Assisted dying, euthanasia . . . call it what you will, it is a very emotional issue.

But as Bill English said during Wednesday evening’s debate, the issue for MPs is one of law.

.  . . I’m sure we’ve all had the experience—I know I have—or know about the experience, of witnessing the suffering, the fear, and the anxiety of a dying person and those around them and, sometimes, a difficult death. Alongside that personal connection, we have to weigh up, in our role as law makers—not just as parents or children or siblings or friends of those who we’ve seen die, but as law makers. Our role is not principally to alleviate suffering; our role is to ensure that our society has a set of laws that protect those who most need protection.

Did you know that in our law, section 179 of the Crimes Act, it is a crime to induce the suicide of another person, even if they don’t actually commit it—even if they don’t actually commit it? Why is that there? Because we don’t want people encouraging a depressed disabled young person that their life isn’t worth anything. As law makers, the reason there is a blanket prohibition is because “you” are not always the best judge of the value of your life, and the price that our community pays for enabling a doctor to take your life, free of criminal scrutiny, is that many other people are more vulnerable. Their lives will become more fearful, and they’ll become more subject to the pressure to make the judgment themselves that their life has less value and therefore they should make the decision. It is a slippery slope. That is why this bill, with its cold technical bureaucratic process of death, tries to look like it’s safe.

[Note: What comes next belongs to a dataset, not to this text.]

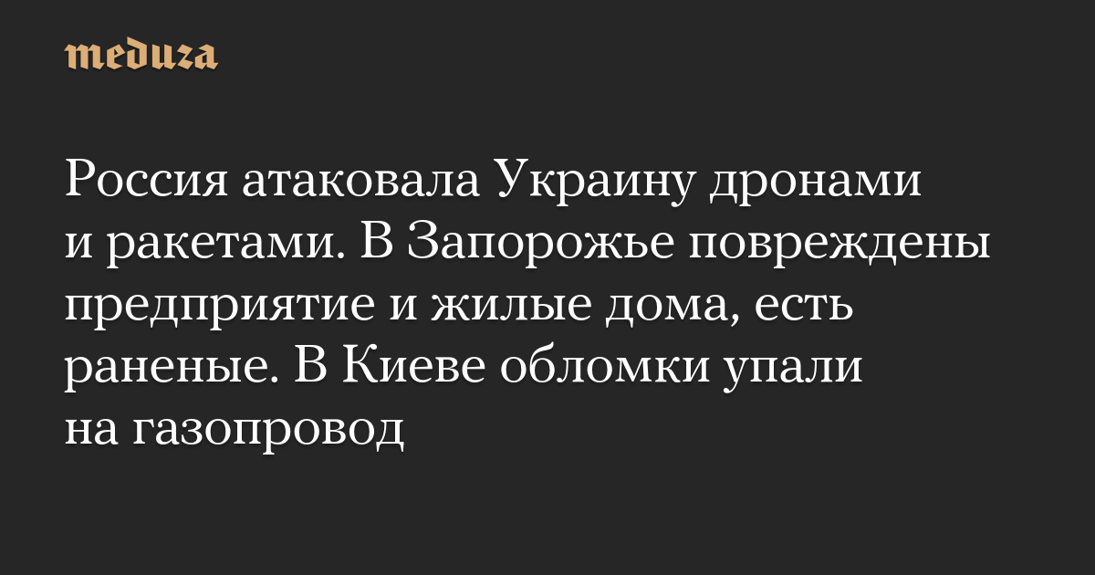 Россия атаковала Украину дронами и ракетами. В Запорожье повреждены предприятие и жилые дома, есть раненые. В Киеве обломки упали на газопровод

We have to weigh it up, and every Parliament up to now has said that the balance between what is enabled for an individual and the cost of that enablement to the rest of society is too big a risk to take. I put the case that as law makers that is the question that we need to weigh up: is the gain in personal autonomy—because the research shows people embark on euthanasia principally for autonomy reasons; they may not be suffering that much—worth the broader cost to our community? I don’t think anyone can in their heart of hearts believe that this bill will make life safer for the disabled or that it will make our community more warmly embracing of our ageing population. Who pretends that? It won’t—it won’t.

That is why I will oppose it and invite others to. You know, we’re not creating medical procedure here; we’re creating an exemption from the criminal law against killing for a specified group—that is doctors, who do not want to carry this burden—under some conditions that amount to box-ticking. So I ask the Parliament to consider that very carefully—the removal of the blanket prohibition against taking a life, which should be subject to scrutiny and accountability.

Euthanasia isn’t turning of life support.

It’s not adhering to do-not-resuscitate requests.

It’s not stopping treatment.

All those happen now and are both ethical and legal.

What doesn’t happen now is deliberately acting to end a life.

Proponents of euthanasia talk about a person’s right to die.

We all have the right to die.

What we don’t have is the right to kill and that’s what this Bill would give to doctors if it becomes law.